The Advent of the Podcast
When the word podcast finds its way into a conversation, most people still do a bit of a double take—pod-what? Mia Littlejohn tells you what podcasting is and how it is relevant to your world.
Podcasts are radio-style audio programs you can download from the Internet and listen to whenever and wherever you want. Podcasts are used to educate, inform, and entertain. The subjects can vary from discussions on a favorite hobby or area of professional expertise to a guided tour of a public space like Chicago’s Millennium Park to a wannabe DJ spinning his or her favorite tracks.
In addition to content created exclusively as a podcast, the technology can also be used as a means to redistribute content that exists in another setting in order to expand its availability and the scope of its audience. Thus, a podcast can be a traditional radio show made available online or a recording of an event, such as a keynote address from a graduation, a religious service, or a course lecture.
What makes podcasting attractive is its convenience and portability.

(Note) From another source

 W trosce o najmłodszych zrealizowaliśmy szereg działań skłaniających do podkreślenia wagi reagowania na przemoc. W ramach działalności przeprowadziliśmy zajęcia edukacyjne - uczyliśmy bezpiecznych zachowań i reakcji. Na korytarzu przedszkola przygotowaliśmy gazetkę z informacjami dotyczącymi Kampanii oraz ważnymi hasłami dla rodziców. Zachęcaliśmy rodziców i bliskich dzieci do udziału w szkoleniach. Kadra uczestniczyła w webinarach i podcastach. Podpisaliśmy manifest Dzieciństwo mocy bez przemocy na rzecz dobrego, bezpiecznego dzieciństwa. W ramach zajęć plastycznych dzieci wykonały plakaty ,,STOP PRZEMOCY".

Planning a summer holiday to Europe? Download a podcast with French phrases for tourists and listen to it on your flight overseas. Missed your favorite NPR show? Subscribe to the podcast; once you “subscribe” to a specific podcast, your computer keeps in touch with that podcast (through what’s called an RSS Feed) and automatically retrieves new episodes as they become available.
Subscription is mediated by podcast-catchers (a.k.a. aggregators), such as the iTunes Music Store or Yahoo’s Podcast Directory. These aggregators organize the thousands of available podcasts into a number of searchable, subject-based categories and provide rating systems and feedback forums that simplify the task of finding the best podcasts.

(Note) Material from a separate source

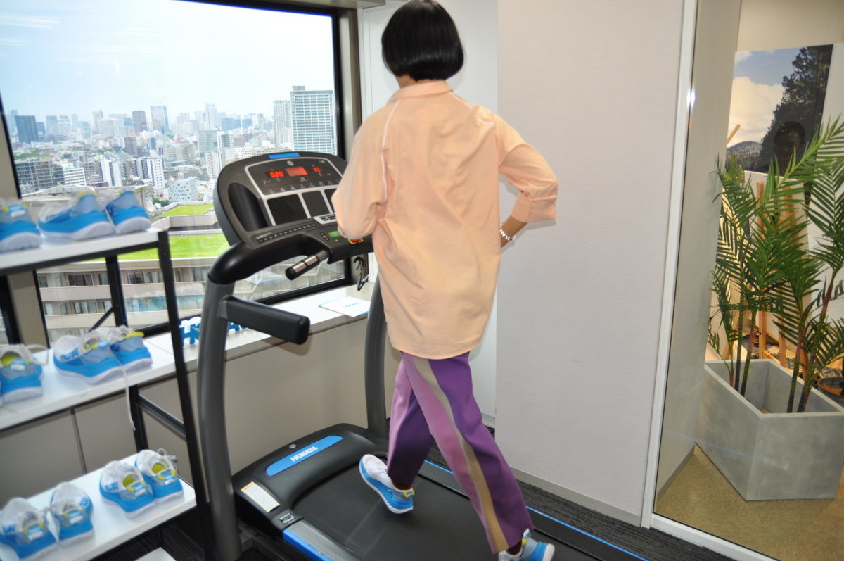会場にはランニングマシーンが用意され、CARBON Xを履いて走ることができました。走ってみた感想は「とても軽いこと」と「走りやすい」こと。メタロッカーテクノロジーのソールは事前と足が前に出る感覚で、いつもと同じ感覚で走っていてもスピードが出ている気がします。柔らかいソールのおかげで、着地した時の衝撃も柔らかく感じました。現在はブルーとホワイトのバイカラーだけですが、広報担当さんのお話では今後はカラー展開も広げて行くそうなのでとっても楽しみです。

Podcasting is still gathering momentum and finding its footing in the media world. The technology itself is only a year and a half old, and although podcast was named 2005’s Word of the Year by the New Oxford American Dictionary, most of the world has yet to hear about it, let alone embrace it.
As a member of the publishing industry, you are a part of a community that has long filtered the content that finds its way into the hands of the public. As control shifts to empower individuals to consume media that fit their specific interests and needs, the function of those who used to control content creation and distribution must also evolve.
Mia Littlejohn is Director of Marketing, Development, and Press for Eat Feed, which won the first Podcast of the Year Award. She lives, writes, and cooks in Chicago.